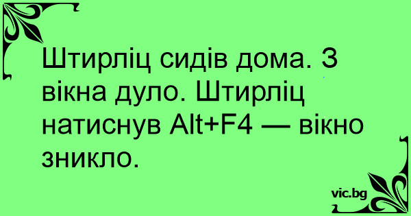 Штирліц сидів дома. З вікна дуло. Штирліц натиснув Аlt+F4 — вікно зникло.
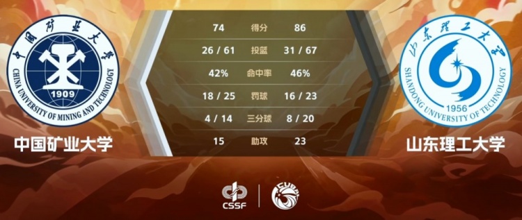末节决胜双方势均力敌一直拉锯,中国矿大几次尝试推快节奏蚕食分差但无法限制对手导致局面一直被动,而末段的连续失误也直接导致局面越发被动,王虹虽然连续错失罚球但两度助攻队友得分外加随后两次篮下打成,山东理工重新拉开两位数优势奠定胜局。最终,山东理工大学86-74力克中国矿业大学拿下比赛。
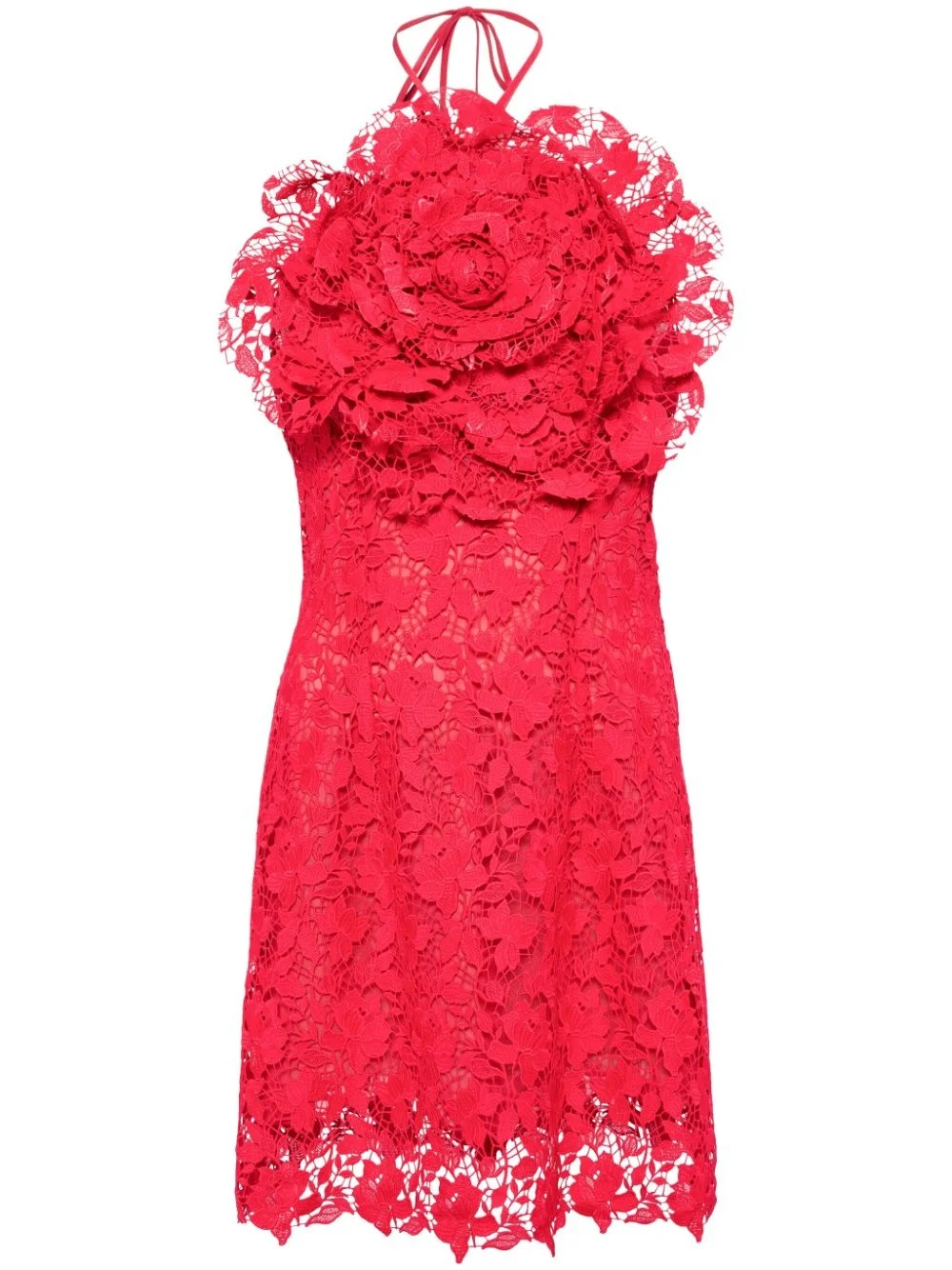 floral-applique lace minidress Highlights - Bright red - Guipure lace - Floral lace applique - Dart detailing - Halterneck - Halterneck tie fastening - Concealed rear zip fastening - Above-knee length - Straight hem Made in Italy Composition Outer: Polyester 100% Lining: Silk 100% SIZE & FIT Model measurements Height 5 ft 9 in(1.76 m) Bust/Chest 31.1 in(79 cm) Hips 35.03 in(89 cm) Waist 24.4 in(62 cm) FittingInformation Designed for a slim fit that sits just away from the body offering a close yet comfortable fit The dart stitching adds structure and a closer fit in the torso of this piece Made from a midweight non-stretch fabric This piece fits true to size – take your usual size Washing instructions Dry Clean Only

== What you should do ==
Retype all of the listing above exactly, but keep its pictures out.

== Reply to the exercise ==
 Штирліц сидів дома. З вікна дуло. Штирліц натиснув Аlt+F4 — вікно зникло.
末节决胜双方势均力敌一直拉锯,中国矿大几次尝试推快节奏蚕食分差但无法限制对手导致局面一直被动,而末段的连续失误也直接导致局面越发被动,王虹虽然连续错失罚球但两度助攻队友得分外加随后两次篮下打成,山东理工重新拉开两位数优势奠定胜局。最终,山东理工大学86-74力克中国矿业大学拿下比赛。
 floral-applique lace minidress Highlights - Bright red - Guipure lace - Floral lace applique - Dart detailing - Halterneck - Halterneck tie fastening - Concealed rear zip fastening - Above-knee length - Straight hem Made in Italy Composition Outer: Polyester 100% Lining: Silk 100% SIZE & FIT Model measurements Height 5 ft 9 in(1.76 m) Bust/Chest 31.1 in(79 cm) Hips 35.03 in(89 cm) Waist 24.4 in(62 cm) FittingInformation Designed for a slim fit that sits just away from the body offering a close yet comfortable fit The dart stitching adds structure and a closer fit in the torso of this piece Made from a midweight non-stretch fabric This piece fits true to size – take your usual size Washing instructions Dry Clean Only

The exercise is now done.